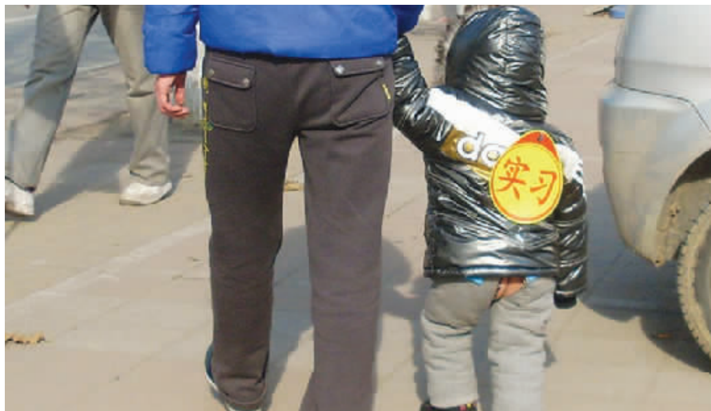
爸爸,我啥时候才能转正啊,当实习宝宝都这么久了。1月7日摄于常州清凉东路。 (作者周文溪获30元话费)
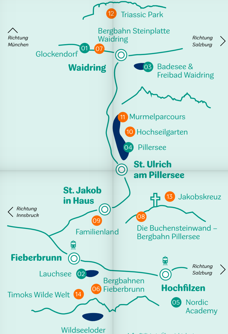
Info: Stilisierte Übersichtskarte, keine naturgetreue Abbildung!
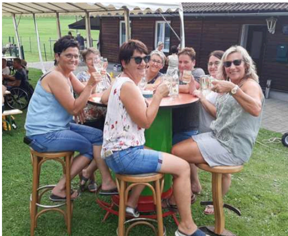
Gute Stimmung beim Familiennachmittag
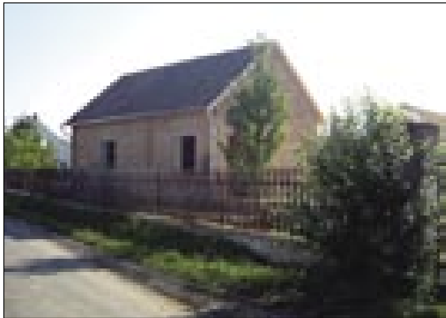
V tej zidini de graničarski muzej v Števanovcaj

zvedeti, zaka njim trbej. Nejuradno sam telko zvedo, ka oni nišo šolo v naravi (erdei iskola) škejo s te zidine vönaprajti. Dapa gda tau baude, tau ne vej, zato ka tam je
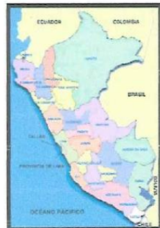
FIG. 01 Mapa de macro localización del Perú
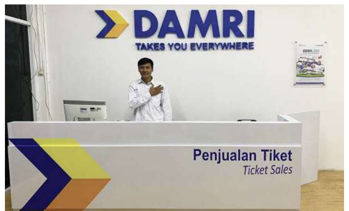
Area Penjualan Tiket (Loket)

Demi kenyamanan pelanggan, DAMRI senantiasa memberikan kemudahan penyediaan akses transportasi dan upaya peningkatan kenyamanan fasilitas untuk kepuasan Pelanggan. Salah satunya adalah fasilitas ruang tunggu yang merupakan tempat berkumpulnya penumpang saat sebelum keberangkatan seperti tempat duduk, AC ( Air Conditioner ), penjualan tiket perjalanan, dan lain-lain.
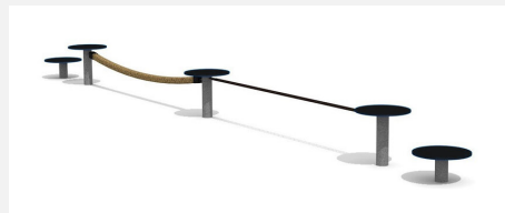
BA.052.2.C bimbo école d'équilibre 2- color
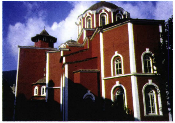
II. 23. Iviron- catoliconul (Radu Mihnea)

######

What the task requires: Reproduce, word for word, everything in the listing above from the line containing "Gute Stimmung beim Familiennachmittag" down to the line containing "Area Penjualan Tiket (Loket)", both of them included. No pictures.

Answer area:
Gute Stimmung beim Familiennachmittag
V tej zidini de graničarski muzej v Števanovcaj

zvedeti, zaka njim trbej. Nejuradno sam telko zvedo, ka oni nišo šolo v naravi (erdei iskola) škejo s te zidine vönaprajti. Dapa gda tau baude, tau ne vej, zato ka tam je
FIG. 01 Mapa de macro localización del Perú
Area Penjualan Tiket (Loket)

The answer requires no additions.